Generating Regular Expressions from Natural Language Specifications: Are We There Yet?
Zhong, Zexuan (University of Illinois at Urbana-Champaign) | Guo, Jiaqi (Xi’an Jiaotong University) | Yang, Wei (University of Illinois at Urbana-Champaign) | Xie, Tao (University of Illinois at Urbana-Champaign) | Lou, Jian-Guang (Microsoft Research Asia) | Liu, Ting (Xi’an Jiaotong University) | Zhang, Dongmei (Microsoft Research Asia)

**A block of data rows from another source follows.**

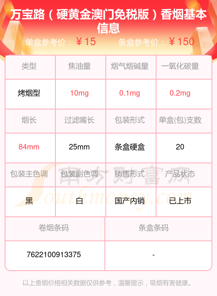 择烟网为大家盘点了金澳门香烟烟碱低于1.5mg的,分别有金澳门、555(金澳门加税)、万宝路(硬黄金澳门免税版)等,具体价格如下:
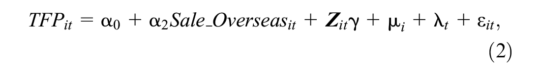 Second, based on cross-border e-commerce promoting internationalization, this study examines whether SMEs experience an improvement in TFP in the process of internationalization. If the productivity effect is significant, it indicates that the quality of internationalization is high and the increase in overseas business revenue promoted by cross-border e-commerce is due to the improvement of international competitiveness. Accordingly, the following panel regression model was used.
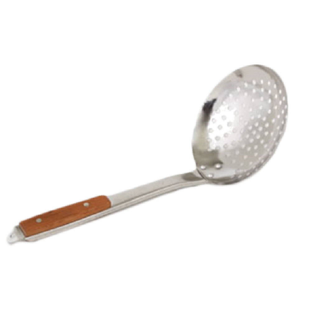 The Royal Industries ROY SKIM CH 8 Chinese Style Skimmer is a versatile kitchen tool that caters to various culinary needs with precision and efficiency. Measuring an 8-inch diameter, this skimmer is designed to handle a wide range of food preparations, making it an essential accessory for both professional chefs and home cooks. With a total length of 19 inches, it ensures comfortable reach and maneuverability during use. The skimmer features a perforated stainless steel head, allowing for effective draining and skimming of liquids, an essential requirement in many cooking processes such as frying and boiling. The perforations are meticulously designed to provide optimal liquid flow while retaining food securely. Moreover, the skimmer is equipped with a sturdy wooden handle, offering excellent grip and heat resistance, ensuring user safety and comfort. This well-crafted tool is ideal for Asian-style cooking, among other culinary applications, and is specifically constructed to withstand rigorous kitchen environments. The Royal Industries ROY SKIM CH 8 Chinese Style Skimmer seamlessly combines durability with functionality, making it a reliable choice for culinary professionals and cooking enthusiasts who value efficiency and quality in their kitchen tools.
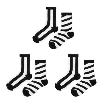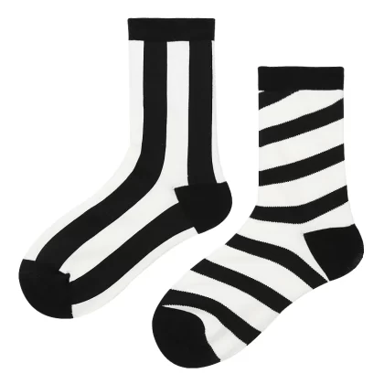 | nameOriginal | Trendy girls AB style horizontal stripe asymmetrical splicing socks |
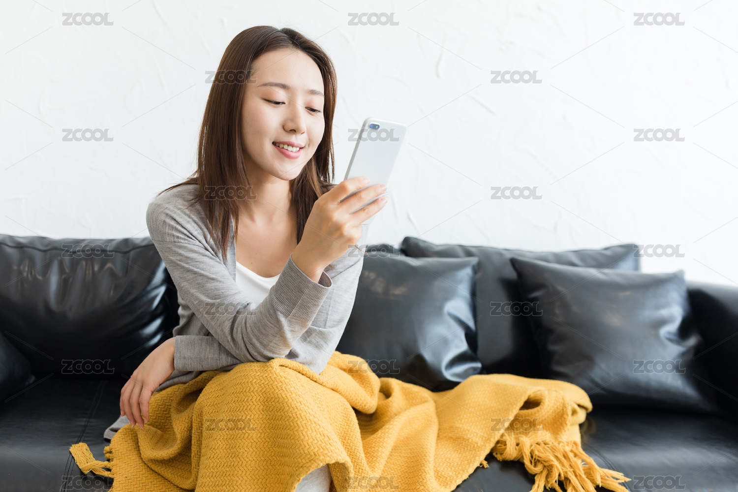 年轻女性在家坐在沙发上玩手机放松
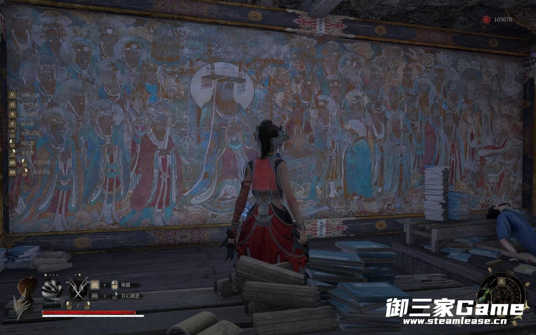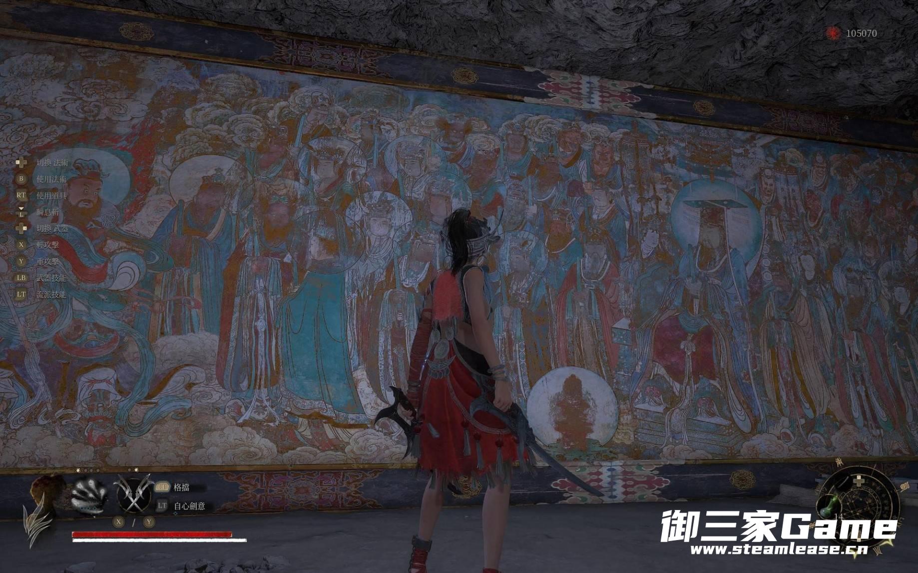 一二楼的墙壁都有,这是现实中真正有的东西,而且相当有名,原图位于山西省芮城县永乐宫主殿三清殿,叫做朝元图,又称为永乐宫壁画,它是元朝时候的作品,总共由七人共同绘制完成,高4.26米,长达94.68米,内容是道教诸神朝拜元始天尊的场景,总共绘制了286位道教神仙,这些神仙平均身高都在两米以上,不知道游戏有没有全数收录啦,但路过这边的时候不防可以停下脚步欣赏下壁画,这边场景比较黑,可以把提灯给挂上。
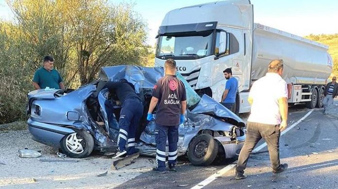 Kaza, saat 06.00 sıralarında Fethiye-Korkuteli yolunun Küçüklü Mahallesi yakınlarında meydana geldi. Fethiye’den Antalya yönüne giden Alper A.’nın (72) kullandığı 48 F 9955 plakalı TIR, karşı yönden gelen S.A. (45) yönetimindeki 43 NN 283 plakalı otomobille çarpıştı.
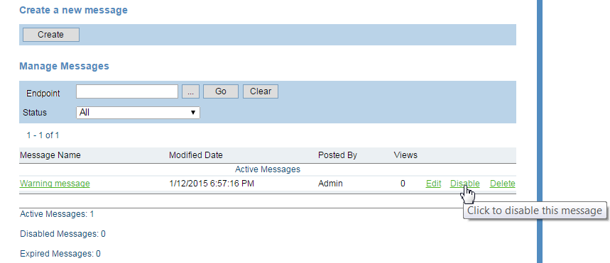 After a message is created, it can be easily disabled. Disabling a message allows you to temporarily prevent it from being displayed. Disabled messages can be re-enabled.
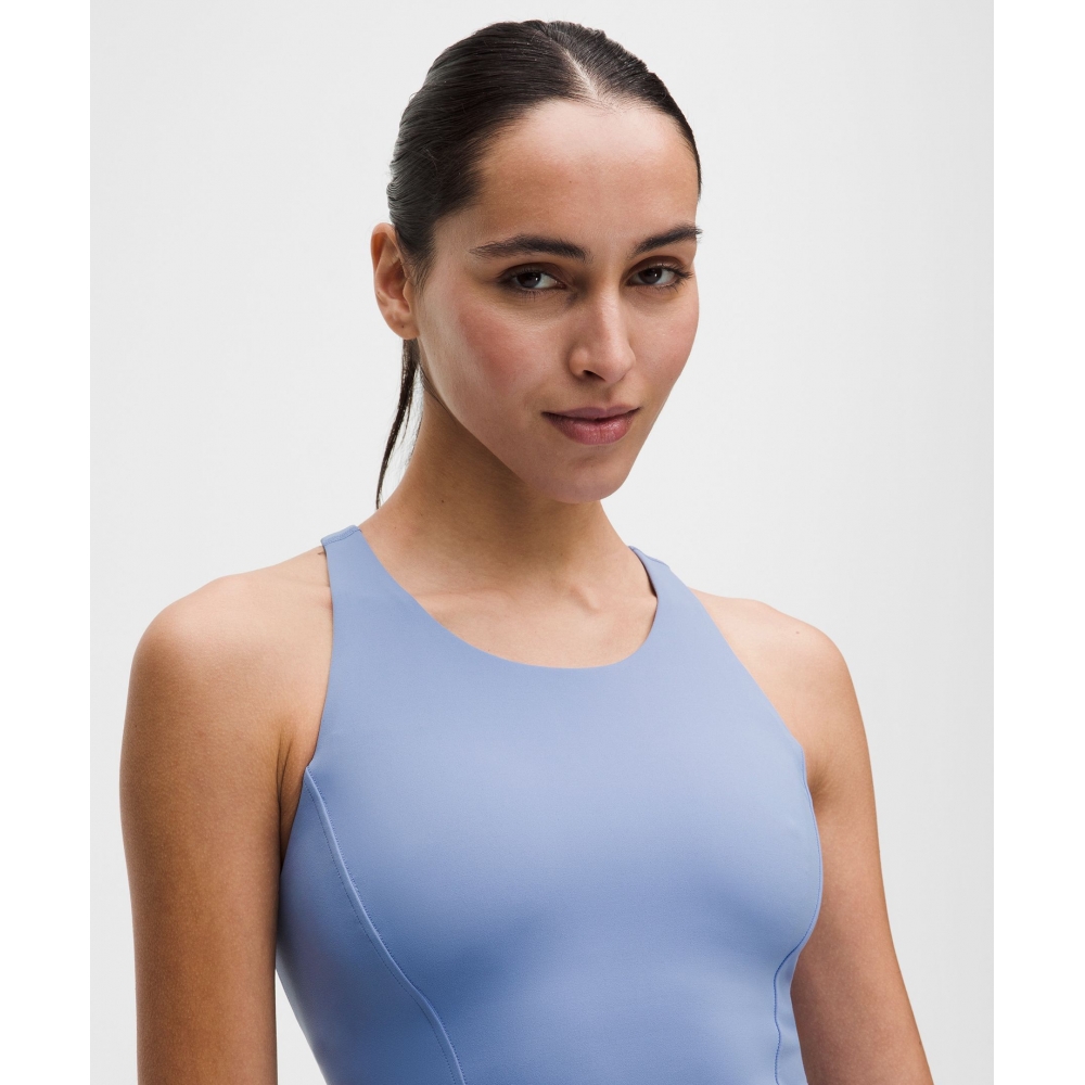 통기성이 탁월한 Everlux™ 원단의 탱크탑으로 깊게 파인 레이서백 디자인이 자유로운 움직임을 선사해요. 가슴과 네크라인, 암홀 앞부분에 커버력을 더했어요.
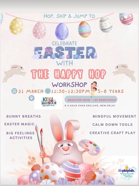 Designed for kids aged, the workshop includes activities such as bunny breaths, Easter-themed magic, big feelings activities, mindful movement, calm down tools, and creative craft play.The session encourages children to relax, express themselves, and enjoy the festive spirit through playful and interactive learning.

Recent state-of-the-art approaches automatically generate regular expressions from natural language specifications. Given that these approaches use only synthetic data in both training datasets and validation/test datasets, a natural question arises: are these approaches effective to address various real-world situations? To explore this question, in this paper, we conduct a characteristic study on comparing two synthetic datasets used by the recent research and a real-world dataset collected from the Internet, and conduct an experimental study on applying a state-of-the-art approach on the real-world dataset. Our study results suggest the existence of distinct characteristics between the synthetic datasets and the real-world dataset, and the state-of-the-art approach (based on a model trained from a synthetic dataset) achieves extremely low effectiveness when evaluated on real-world data, much lower than the effectiveness when evaluated on the synthetic dataset. We also provide initial analysis on some of those challenging cases and discuss future directions.